Apparently, in Tinseltown, that forever-trying-to-do-a-movie-that-makes-a-buck-place, they’re currently attempting to prove that it doesn’t take testosterone to be tough. The idea is you don’t have to be a man to be macho, so accordingly: The tantalizing trio of Drew Barrymore, Cameron Diaz and Lucy Liu kick butt and look sensational doing it in the soon-due flick “Charlie’s Angels”….Robin Tunney and “Bond girl” Izabella Scorupo underwent grueling and rigorous training from professional mountain climbers learning to scale snow-laden peaks in the action adventure “Vertical Limit”….Australian beauty Sarah Wynter plays a hard-as-nails hench(wo)man for the corrupt power mogul, Tony Goldwyn, and his scientist partner, Robert Duvall, who are doing their worst to kidnap and kill Arnold Schwarzenegger in “The 6th Day,” a sci-fi cloning thriller….Winona Ryder battles merely the Devil himself to save Ben Chaplin’s soul in the supernatural saga “Lost Souls”….Juliette Binoche refuses to believe a convicted murderer is beyond redemption and becomes his benefactor (benefactress?) in “The Widow of St.Pierre”….Natassja Kinski, Sarah Polley and Milla Jovovich cause the downfall and destruction of the richest and most powerful man in town in “The Claim,” set in early California Gold Rush days….Sarah Jessica Parker, Julia Stiles and Rebecca Pidgeon (David Mamet’s wife) create havoc for Alec Baldwin, Philip Seymour Hoffman and William H. Macy in Mamet’s screwball comedy “State and Main”….And no man is a match, not even Antonio Banderas, for big-lipped, seductive Angelina Jolie in the lusty “Original Sin.” So if you’re looking for girly-girls, tossing their curls and batting their lashes, don’t try Hollywood.
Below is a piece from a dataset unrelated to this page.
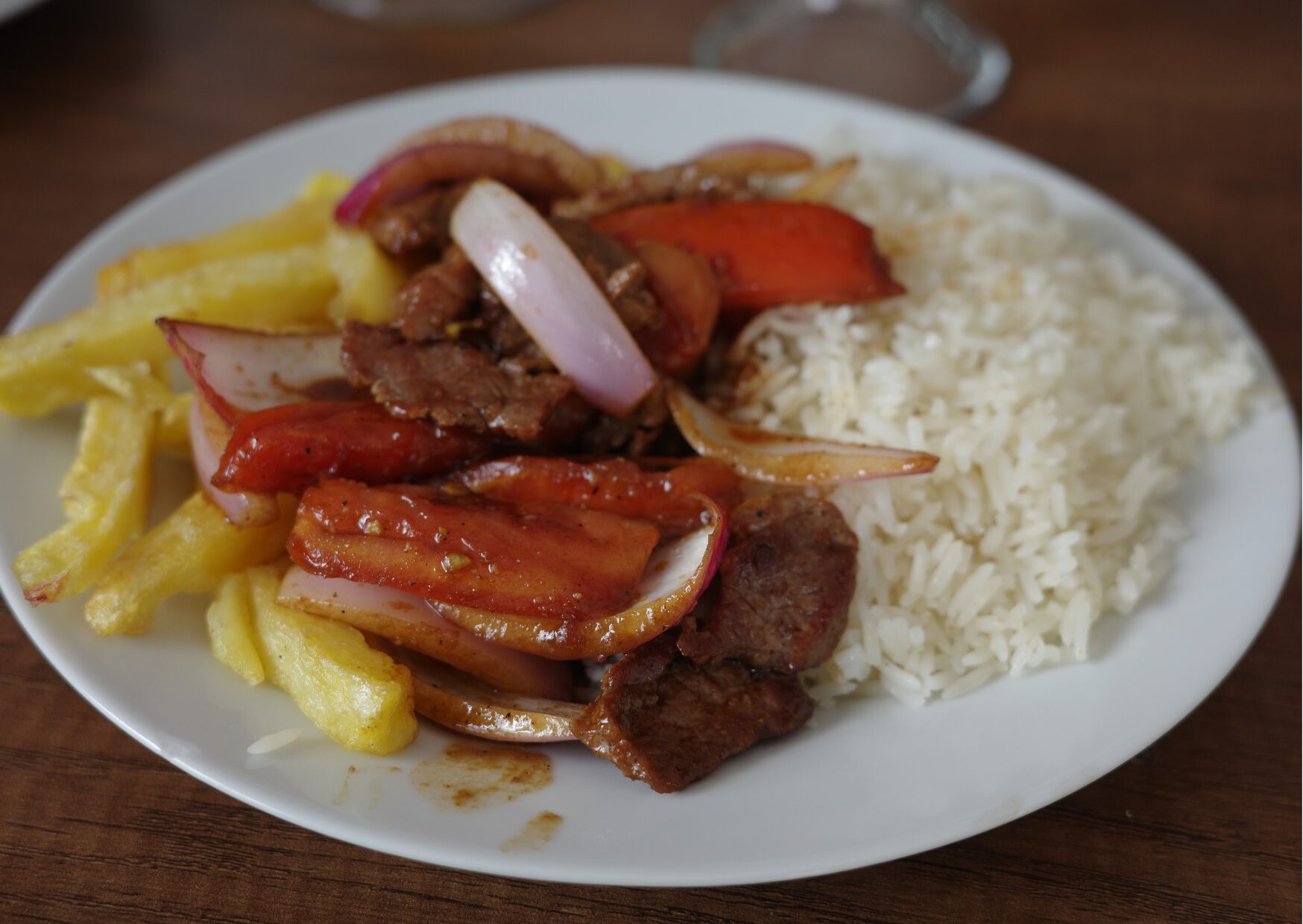 そして、メインプレートの定番は、たいてい肉または魚料理に、ご飯と豆の煮込みなどが添えられます。ペルー料理の代表である「ロモ・サルタード(Lomo Saltado/牛肉とトマト、玉ねぎ、ポテトフライのしょうゆ炒め)」や、「アヒ・デ・ガジーナ(Ají de Gallina/ペルー版シチューカレー)」なども人気です。

Right now, what they’re tossing and batting in movies is men. And so it will be until somebody out there decides maybe you can catch more flies with estrogen than testosterone. Don’t wait around.

Coming Up: Prince Albert of Monaco and Prince and Princess Ernst August of Hanover (that’s Caroline of Monaco) will meet the Queen of Soul, Aretha Franklin, at the Waldorf on Monday night at the Princess Grace Awards Gala. Aretha will sing like no other bird known to man before hundreds of guests, including John H. Lehman, Prince Albert’s cousin and the president of the Princess Grace Foundation, whose mission it is to assist aspiring young artists. The chairs of the evening are Anne Randolph Hearst and Tony Randall, and expected are such luminaries as the incandescent actress Rosemary Harris, the incandescent dancer Ethan Stiefel and the incandescent TV anchor Maria Bartiromo, who talks about money on CNBC while a lot of men out there try to listen — and look at the same time.